A nuclear deal between the U.S., Iran and other world powers
has been described as a trust-building step after decades of animosity that
hopefully will lead to a more comprehensive deal down the road.
But for many of the 66 Americans who were held hostage for 444
days at the start of the Iranian revolution, trusting the regime in Tehran
feels like a mistake.
“It’s kind of like Jimmy Carter all over again,” said Clair
Cortland Barnes, now retired and living in Leland, N.C., after a career at the
CIA and elsewhere. He sees the negotiations now as no more effective than they
were in 1979 and 1980, when he and others languished, facing mock executions
and other torments.
The hostage crisis began in November of 1979 when militants
stormed the United States Embassy in Tehran and seized its occupants.
Retired Air Force Col.
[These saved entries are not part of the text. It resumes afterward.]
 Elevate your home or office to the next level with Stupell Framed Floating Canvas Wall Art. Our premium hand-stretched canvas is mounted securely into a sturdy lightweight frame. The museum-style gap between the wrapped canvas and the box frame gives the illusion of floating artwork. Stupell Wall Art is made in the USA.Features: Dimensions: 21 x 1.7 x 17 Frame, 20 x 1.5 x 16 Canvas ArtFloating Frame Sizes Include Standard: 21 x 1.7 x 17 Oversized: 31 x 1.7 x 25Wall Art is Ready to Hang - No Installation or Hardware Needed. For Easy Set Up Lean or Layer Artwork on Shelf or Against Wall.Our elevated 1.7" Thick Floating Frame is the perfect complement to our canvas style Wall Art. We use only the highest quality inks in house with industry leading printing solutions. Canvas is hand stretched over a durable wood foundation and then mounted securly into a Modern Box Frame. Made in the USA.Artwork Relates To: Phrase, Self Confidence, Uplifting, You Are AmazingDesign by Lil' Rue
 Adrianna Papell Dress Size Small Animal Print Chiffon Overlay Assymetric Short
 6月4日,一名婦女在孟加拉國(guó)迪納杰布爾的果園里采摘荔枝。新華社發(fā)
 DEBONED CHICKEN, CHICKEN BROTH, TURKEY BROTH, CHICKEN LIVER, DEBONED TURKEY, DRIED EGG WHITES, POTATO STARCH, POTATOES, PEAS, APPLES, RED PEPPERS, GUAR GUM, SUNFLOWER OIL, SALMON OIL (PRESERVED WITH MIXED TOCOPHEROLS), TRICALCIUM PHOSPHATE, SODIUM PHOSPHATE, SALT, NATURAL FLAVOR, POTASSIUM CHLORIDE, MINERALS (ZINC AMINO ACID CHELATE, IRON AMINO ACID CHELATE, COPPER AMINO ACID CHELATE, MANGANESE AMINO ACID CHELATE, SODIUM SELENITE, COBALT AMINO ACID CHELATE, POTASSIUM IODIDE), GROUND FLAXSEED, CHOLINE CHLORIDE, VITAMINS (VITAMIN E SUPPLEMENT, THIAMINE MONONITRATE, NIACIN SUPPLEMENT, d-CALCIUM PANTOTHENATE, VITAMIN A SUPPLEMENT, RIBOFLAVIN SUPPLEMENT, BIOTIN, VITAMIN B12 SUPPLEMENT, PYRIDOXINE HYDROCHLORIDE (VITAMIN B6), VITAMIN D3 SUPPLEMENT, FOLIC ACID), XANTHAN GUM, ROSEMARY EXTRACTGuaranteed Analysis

Thomas E. Schaefer, 83, called the
deal “foolishness.”
“My personal view is, I never found an Iranian leader I can
trust,” he said. “I don’t think today it’s any different from when I was there.
None of them, I think, can be trusted. Why make an agreement with people you
can’t trust?”
Schaefer was a military attache in Iran who was among those
held hostage. He now lives in Scottsdale, Ariz., with his wife of more than 60
years, Anita, who also takes a dim view of the agreement: “We are probably not
very Christian-like when it comes to all this,” she said.
The weekend agreement between Iran and six world powers —
the U.S., Britain, France, Russia, China and Germany — is to temporarily halt
parts of Tehran’s disputed nuclear program and allow for more intrusive
international monitoring of Iran’s facilities. In exchange, Iran gains some
modest relief from stiff economic sanctions and a pledge from Obama that no new
penalties will be levied during the six months.
To be sure, the former hostages have varying views. Victor
Tomseth, 72, a retired diplomat from Vienna, Va., sees the pact as a positive
first step.
Tomseth, who was a political counselor at the embassy in
Tehran in 1979, had written a diplomatic cable months before the hostage crisis
warning about the difficulties of negotiation with the Iranians.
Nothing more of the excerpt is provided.